• Your objective
Give back the records below exactly, omitting the pictures.

• Items from a dataset
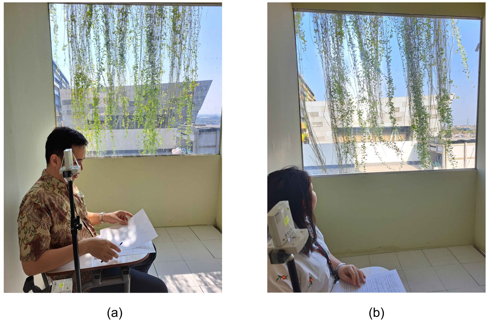 As the design of plant-based façades by architects worldwide on opaque surfaces [28,30] continues to evolve and covering glazed façade openings, this study presents a novel and critical research gap in the potential of biotic façades as glare mitigation strategies. Specifically, how vegetation on façades reduces glare while maintaining adequate daylight levels and providing natural views for office workers in high-rise buildings. A preliminary study regarding common kinds of artificial shading devices in geometry and mechanisms compared to plants has been done, showing that the leaf area as plant-geometry can be arranged to find a well-balanced solution for light environment [27,31]. This study aimed to find how different leaf area index of plants reduced high luminance on glass façade, illuminance at the working plane, and how office users perceived the quantity of light as well as the beauty of the view seen as a qualitative aspect. It is a continuation of previous analysis regarding the correlation between Leaf Area Index (LAI) to shading factor and luminance index that uses a model box [31], as well as how leaf performs in a real room with office users as respondents.
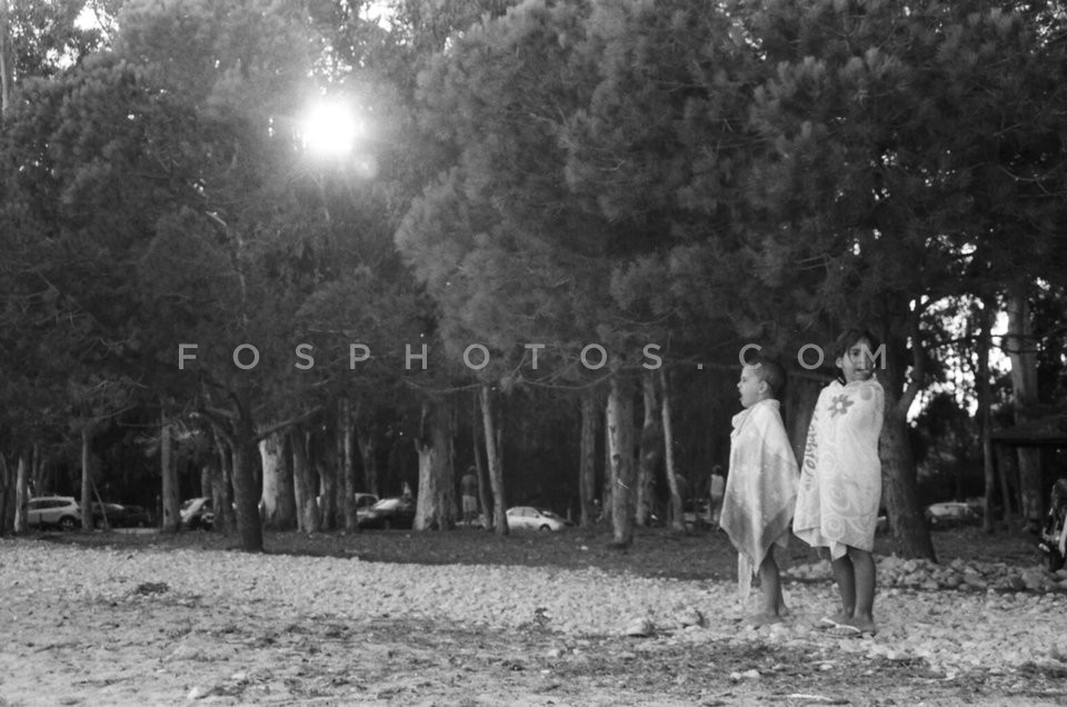 Children wrapped in towels on the beach,…
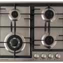 Поверхность: варочная панель • Тип поверхности: газовая • Рабочая поверхность: нерж.сталь • Число конфорок: 4 • Установка: независимая • Газовые конфорки: всего - 4 (1 конфорка "Двойная корона") • Газ-контроль конфорок: есть • Тип управления: механическое • Переключатели: поворотные • Электроподжиг: есть, автоматический • Размеры: 580x510 мм • Размер ниши для встраивания: 560x480 мм • Цвет: панель - серебристый
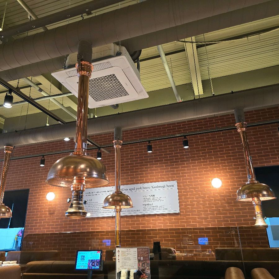 문을 열고 들어서자, 넓고 쾌적한 공간이 펼쳐졌다. 테이블 간 간격도 넉넉해서 편안하게 식사를 즐길 수 있을 것 같았다. 은은한 조명 아래, 테이블마다 놓인 화로에는 숯불이 은은하게 타오르고 있었다. 후드 덕트와 조명이 함께 연결된 독특한 형태의 구조물이 천장에 매달려 있었는데, 마치 거북이 등껍질을 연상시키는 듯했다.
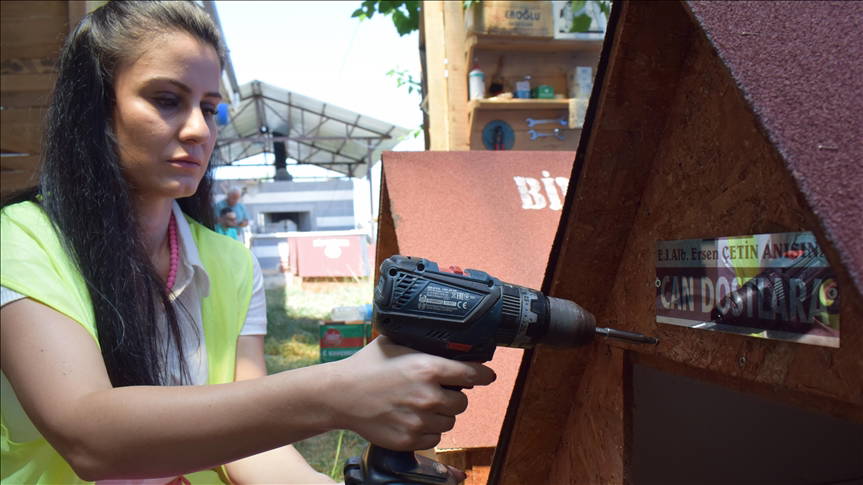 Düzce'de yaşayan Ümmühan Kirtay Çetin, 8 ay önce yeni tip koronavirüs (Covid-19) nedeniyle kaybettiği eşinin en büyük arzusunu yerine getirmek için sokak köpekleri için kulübe yaptırdı.
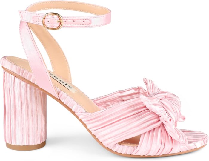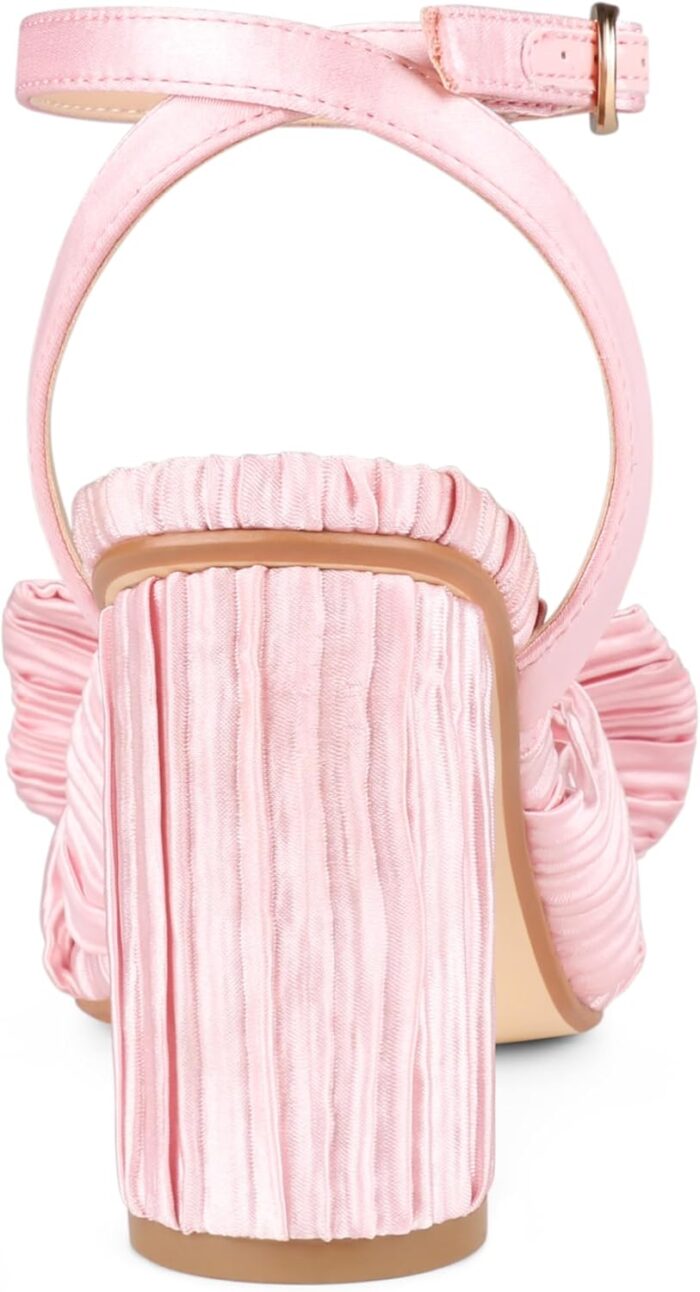 Zzheels Women’s Bowknot Wedding Shoes Bow Heels Open Toe Ankle Strap Chunky Sandals
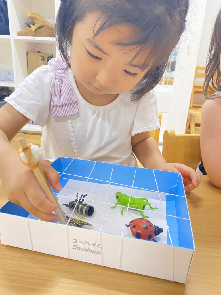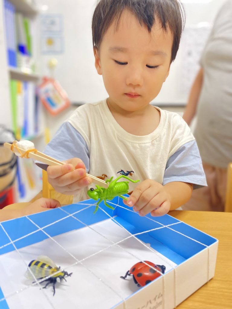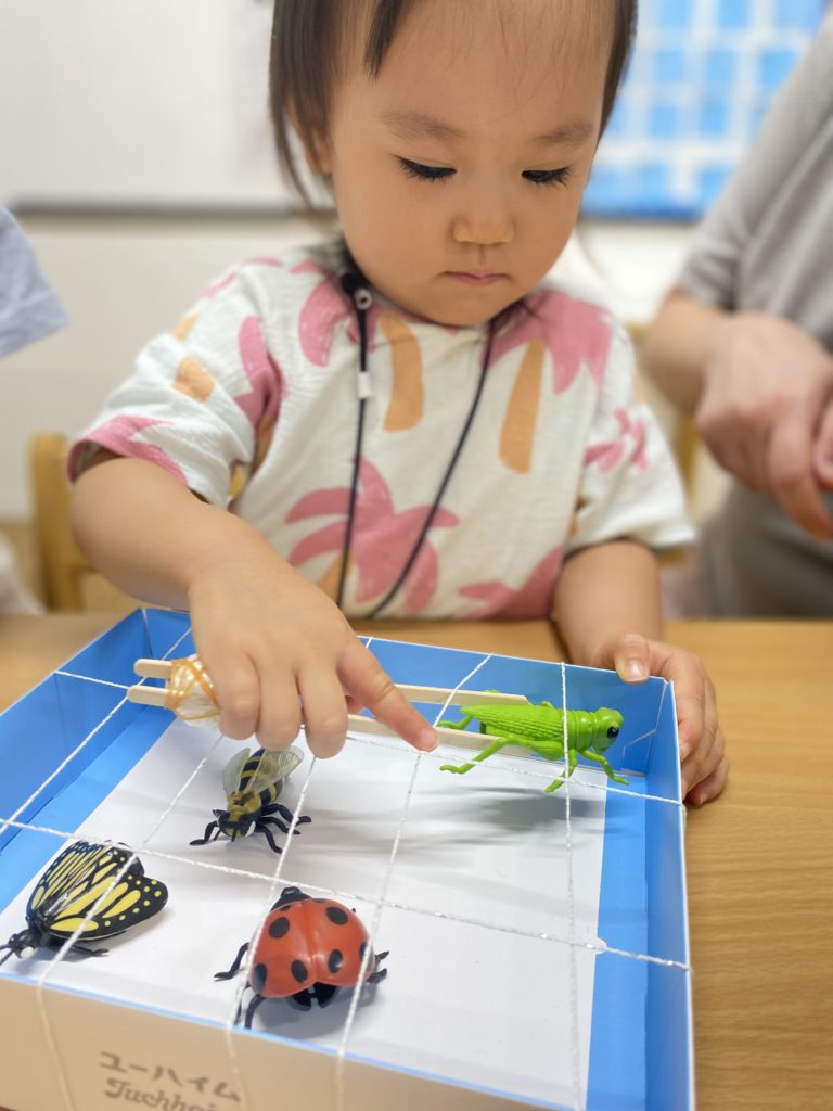 アクティビティでは、おもちゃの虫を使って「虫レスキューゲーム」に挑戦!
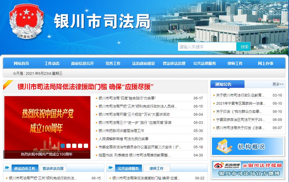 银川市司法局官方网站。
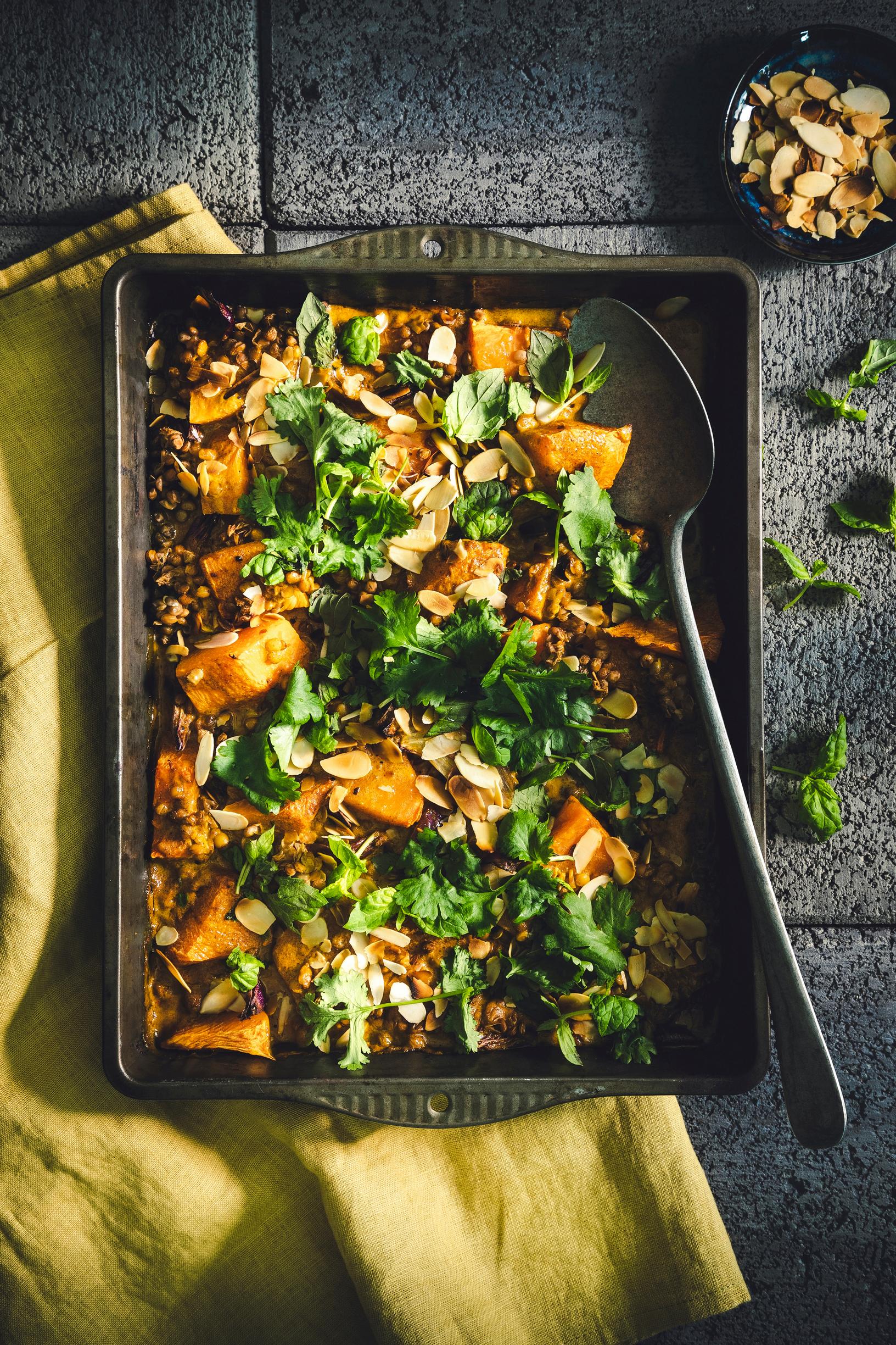 Kurpitsacurry uunissa – intialaisittain maustettu kasvisruoka valmistuu melkein kuin itsestään
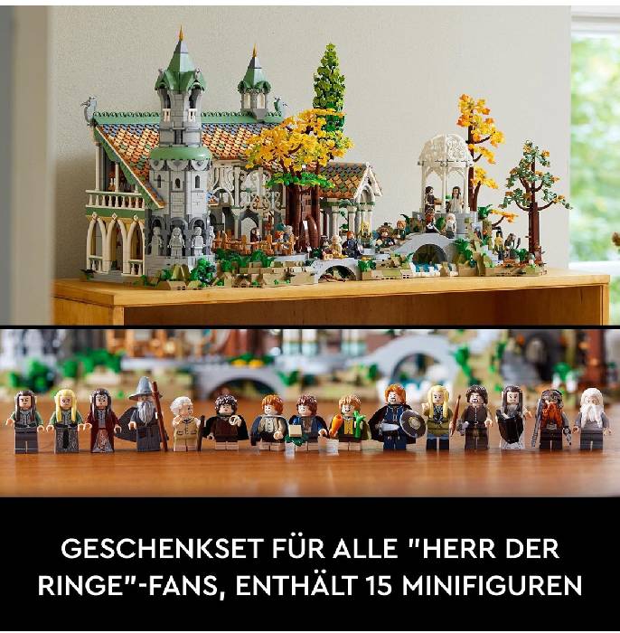 Im Prime Angebot gibt es das LEGO Icons DER Herr DER Ringe: BRUCHTAL, Großes Set für Erwachsene mit 15 Minifiguren für 408,00 € statt 499,99 €.
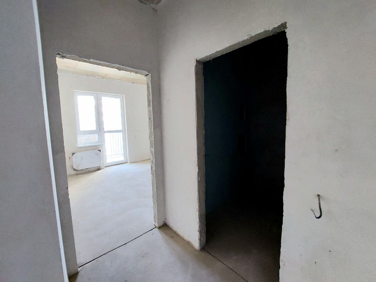 При входе слева - ниша под гардеробную.
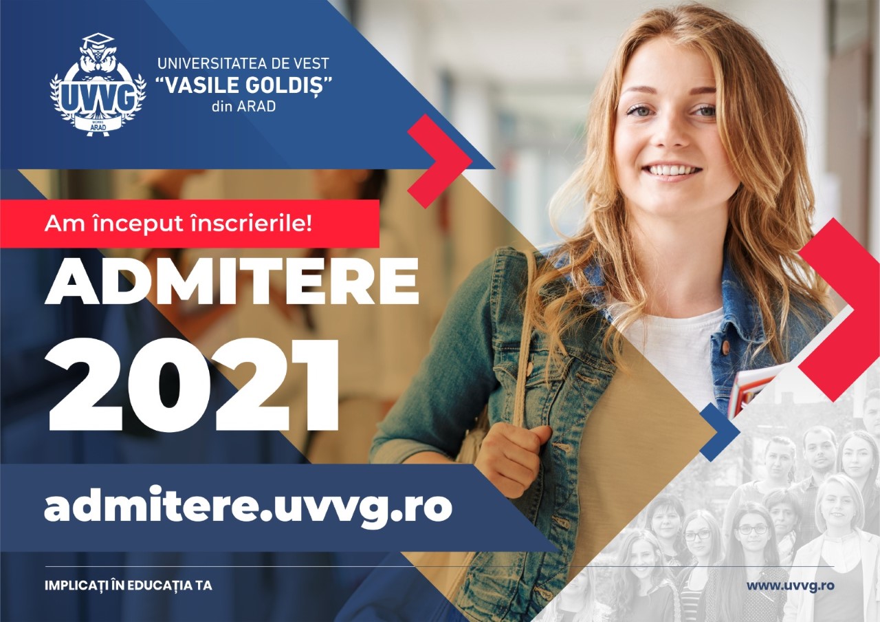 Înscrierea candidaților se desfășoară utilizând platforma de înscriere ONLINE pusă la dispoziție de Universitatea de Vest ,,Vasile Goldiş” din Arad la adresa de web: admitere.uvvg.ro de pe orice dispozitiv de tip calculator desktop, laptop, tabletă, telefon mobil cu acces la rețeaua de internet. Informaţii suplimentare se pot obţine la tel: 0748 988 884; e-mail: admitere@uvvg.ro sau site: http://www.uvvg.ro; Platforma online de admitere: admitere.uvvg.ro; Facebook: Universitatea de Vest ,,Vasile Goldiş” din Arad.

• Result
 As the design of plant-based façades by architects worldwide on opaque surfaces [28,30] continues to evolve and covering glazed façade openings, this study presents a novel and critical research gap in the potential of biotic façades as glare mitigation strategies. Specifically, how vegetation on façades reduces glare while maintaining adequate daylight levels and providing natural views for office workers in high-rise buildings. A preliminary study regarding common kinds of artificial shading devices in geometry and mechanisms compared to plants has been done, showing that the leaf area as plant-geometry can be arranged to find a well-balanced solution for light environment [27,31]. This study aimed to find how different leaf area index of plants reduced high luminance on glass façade, illuminance at the working plane, and how office users perceived the quantity of light as well as the beauty of the view seen as a qualitative aspect. It is a continuation of previous analysis regarding the correlation between Leaf Area Index (LAI) to shading factor and luminance index that uses a model box [31], as well as how leaf performs in a real room with office users as respondents.
 Children wrapped in towels on the beach,…
 Поверхность: варочная панель • Тип поверхности: газовая • Рабочая поверхность: нерж.сталь • Число конфорок: 4 • Установка: независимая • Газовые конфорки: всего - 4 (1 конфорка "Двойная корона") • Газ-контроль конфорок: есть • Тип управления: механическое • Переключатели: поворотные • Электроподжиг: есть, автоматический • Размеры: 580x510 мм • Размер ниши для встраивания: 560x480 мм • Цвет: панель - серебристый
 문을 열고 들어서자, 넓고 쾌적한 공간이 펼쳐졌다. 테이블 간 간격도 넉넉해서 편안하게 식사를 즐길 수 있을 것 같았다. 은은한 조명 아래, 테이블마다 놓인 화로에는 숯불이 은은하게 타오르고 있었다. 후드 덕트와 조명이 함께 연결된 독특한 형태의 구조물이 천장에 매달려 있었는데, 마치 거북이 등껍질을 연상시키는 듯했다.
 Düzce'de yaşayan Ümmühan Kirtay Çetin, 8 ay önce yeni tip koronavirüs (Covid-19) nedeniyle kaybettiği eşinin en büyük arzusunu yerine getirmek için sokak köpekleri için kulübe yaptırdı.
 Zzheels Women’s Bowknot Wedding Shoes Bow Heels Open Toe Ankle Strap Chunky Sandals
 アクティビティでは、おもちゃの虫を使って「虫レスキューゲーム」に挑戦!
 银川市司法局官方网站。
 Kurpitsacurry uunissa – intialaisittain maustettu kasvisruoka valmistuu melkein kuin itsestään
 Im Prime Angebot gibt es das LEGO Icons DER Herr DER Ringe: BRUCHTAL, Großes Set für Erwachsene mit 15 Minifiguren für 408,00 € statt 499,99 €.
 При входе слева - ниша под гардеробную.
 Înscrierea candidaților se desfășoară utilizând platforma de înscriere ONLINE pusă la dispoziție de Universitatea de Vest ,,Vasile Goldiş” din Arad la adresa de web: admitere.uvvg.ro de pe orice dispozitiv de tip calculator desktop, laptop, tabletă, telefon mobil cu acces la rețeaua de internet. Informaţii suplimentare se pot obţine la tel: 0748 988 884; e-mail: admitere@uvvg.ro sau site: http://www.uvvg.ro; Platforma online de admitere: admitere.uvvg.ro; Facebook: Universitatea de Vest ,,Vasile Goldiş” din Arad.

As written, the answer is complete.